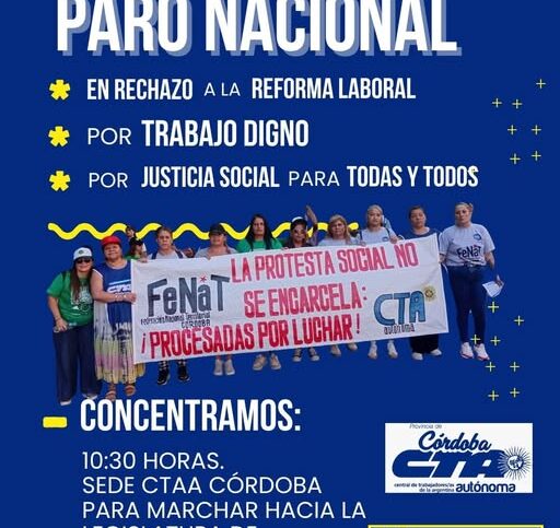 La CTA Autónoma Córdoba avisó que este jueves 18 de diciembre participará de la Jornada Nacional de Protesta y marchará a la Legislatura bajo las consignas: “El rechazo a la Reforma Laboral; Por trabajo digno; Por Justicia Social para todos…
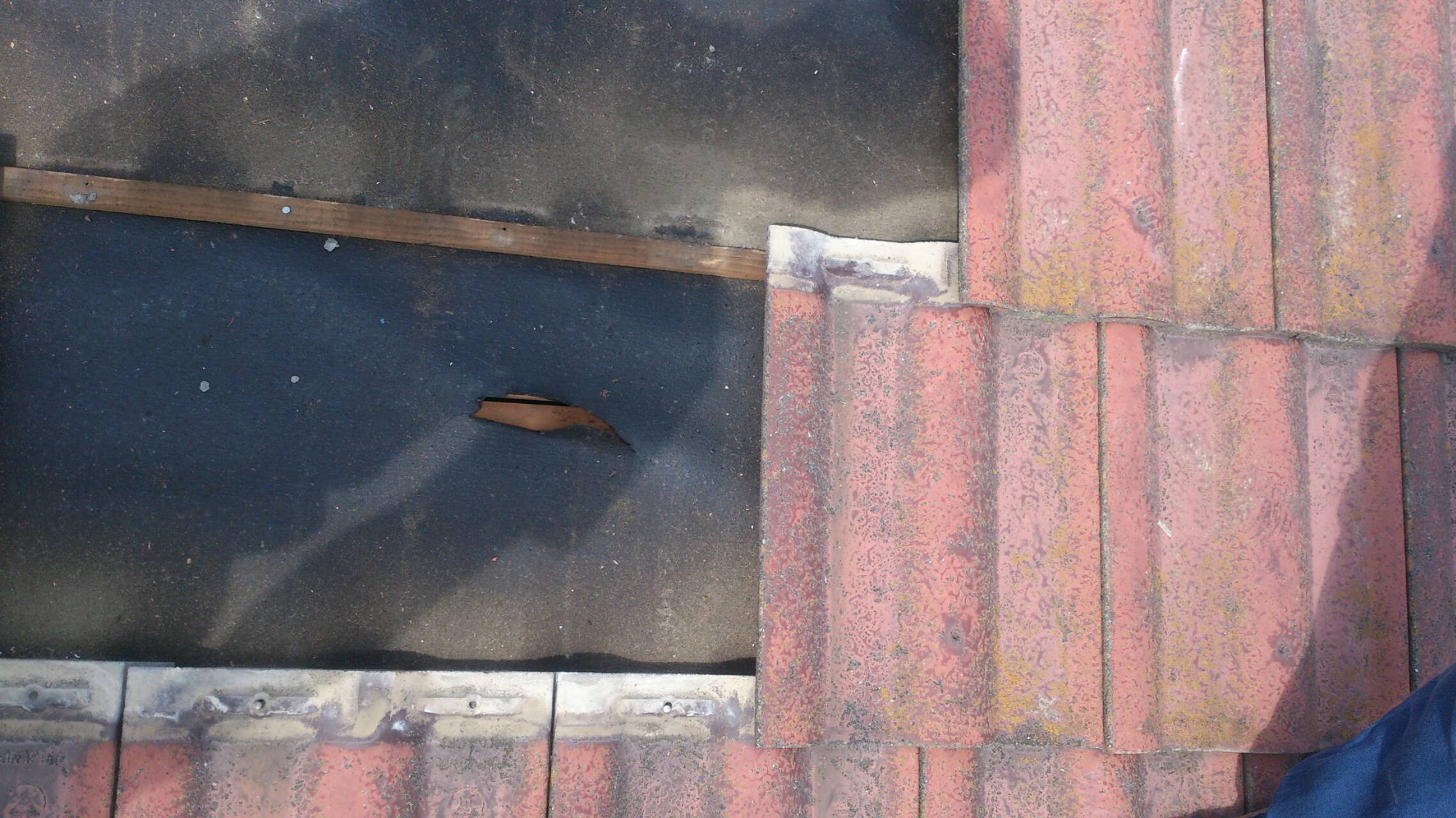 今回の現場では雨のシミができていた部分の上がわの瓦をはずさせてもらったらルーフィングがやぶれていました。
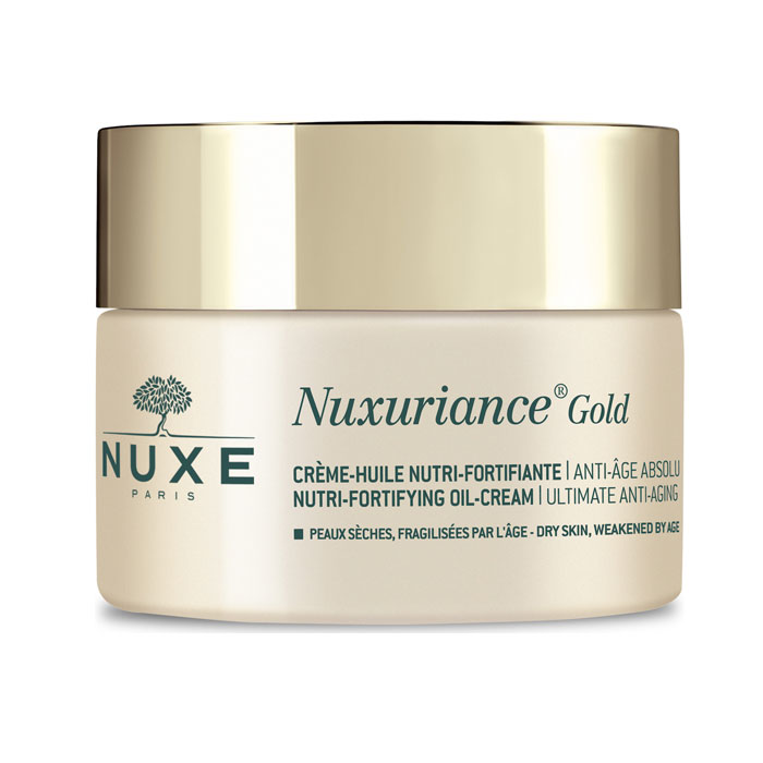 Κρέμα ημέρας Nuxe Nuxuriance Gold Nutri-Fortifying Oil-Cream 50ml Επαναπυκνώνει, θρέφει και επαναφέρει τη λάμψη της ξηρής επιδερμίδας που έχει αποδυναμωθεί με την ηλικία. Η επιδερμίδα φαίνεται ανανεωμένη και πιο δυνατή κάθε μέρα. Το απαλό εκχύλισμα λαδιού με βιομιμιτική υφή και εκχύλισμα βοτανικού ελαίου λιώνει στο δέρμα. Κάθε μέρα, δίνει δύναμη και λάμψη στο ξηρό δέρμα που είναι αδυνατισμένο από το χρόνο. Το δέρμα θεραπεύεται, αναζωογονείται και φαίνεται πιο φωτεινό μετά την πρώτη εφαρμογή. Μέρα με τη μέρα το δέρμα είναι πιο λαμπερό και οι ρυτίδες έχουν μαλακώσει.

==

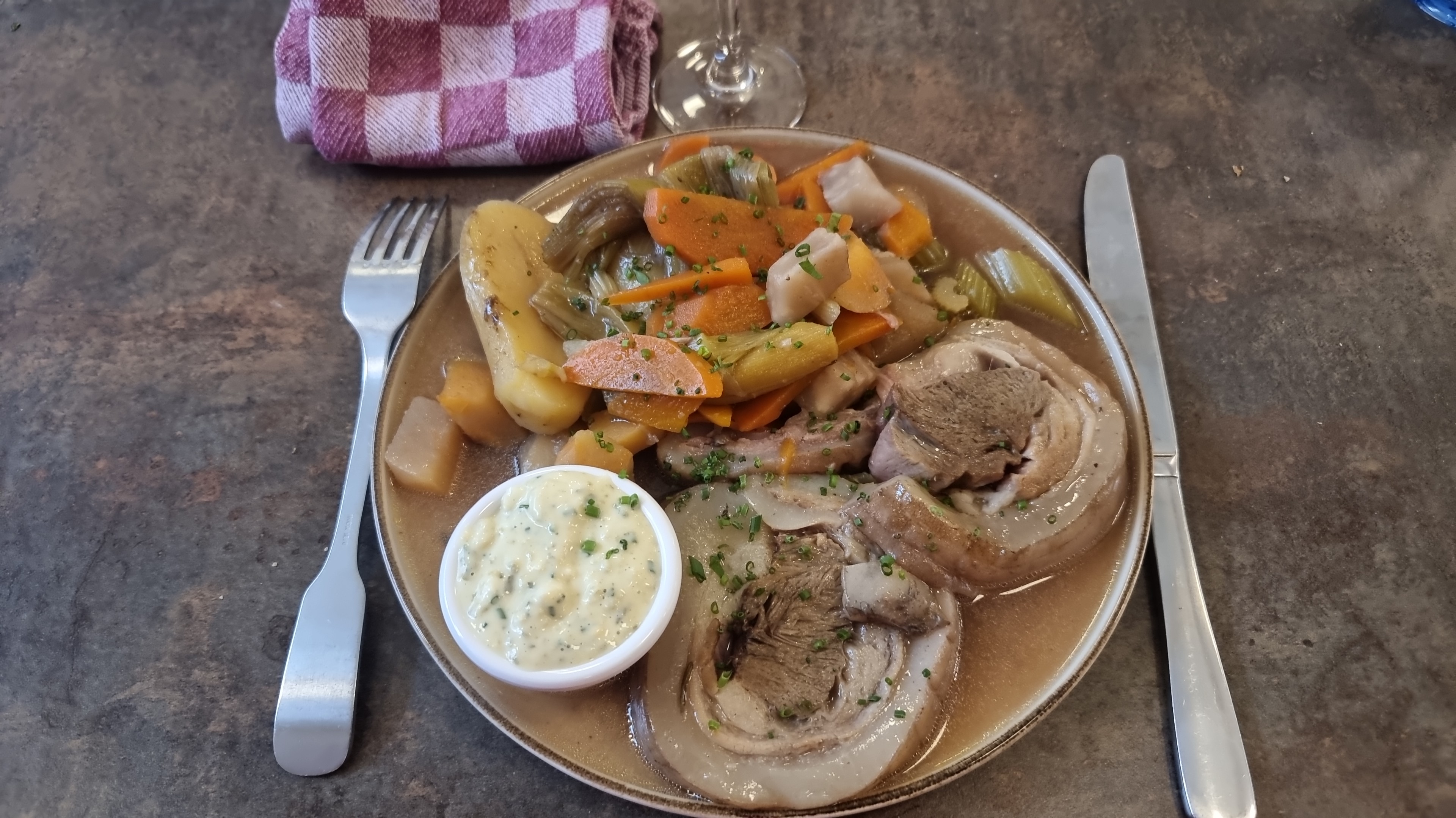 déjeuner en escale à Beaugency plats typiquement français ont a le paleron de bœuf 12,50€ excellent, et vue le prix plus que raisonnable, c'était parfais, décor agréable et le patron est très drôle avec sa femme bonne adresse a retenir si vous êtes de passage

▶ [WHAT THIS TASK INVOLVES]: Print exactly, with no pictures, the lines above from the one that holds "La CTA Autónoma" through the one that holds "Κρέμα ημέρας Nuxe", both of them included.

▶ [YOUR SOLUTION]:
 La CTA Autónoma Córdoba avisó que este jueves 18 de diciembre participará de la Jornada Nacional de Protesta y marchará a la Legislatura bajo las consignas: “El rechazo a la Reforma Laboral; Por trabajo digno; Por Justicia Social para todos…
 今回の現場では雨のシミができていた部分の上がわの瓦をはずさせてもらったらルーフィングがやぶれていました。
 Κρέμα ημέρας Nuxe Nuxuriance Gold Nutri-Fortifying Oil-Cream 50ml Επαναπυκνώνει, θρέφει και επαναφέρει τη λάμψη της ξηρής επιδερμίδας που έχει αποδυναμωθεί με την ηλικία. Η επιδερμίδα φαίνεται ανανεωμένη και πιο δυνατή κάθε μέρα. Το απαλό εκχύλισμα λαδιού με βιομιμιτική υφή και εκχύλισμα βοτανικού ελαίου λιώνει στο δέρμα. Κάθε μέρα, δίνει δύναμη και λάμψη στο ξηρό δέρμα που είναι αδυνατισμένο από το χρόνο. Το δέρμα θεραπεύεται, αναζωογονείται και φαίνεται πιο φωτεινό μετά την πρώτη εφαρμογή. Μέρα με τη μέρα το δέρμα είναι πιο λαμπερό και οι ρυτίδες έχουν μαλακώσει.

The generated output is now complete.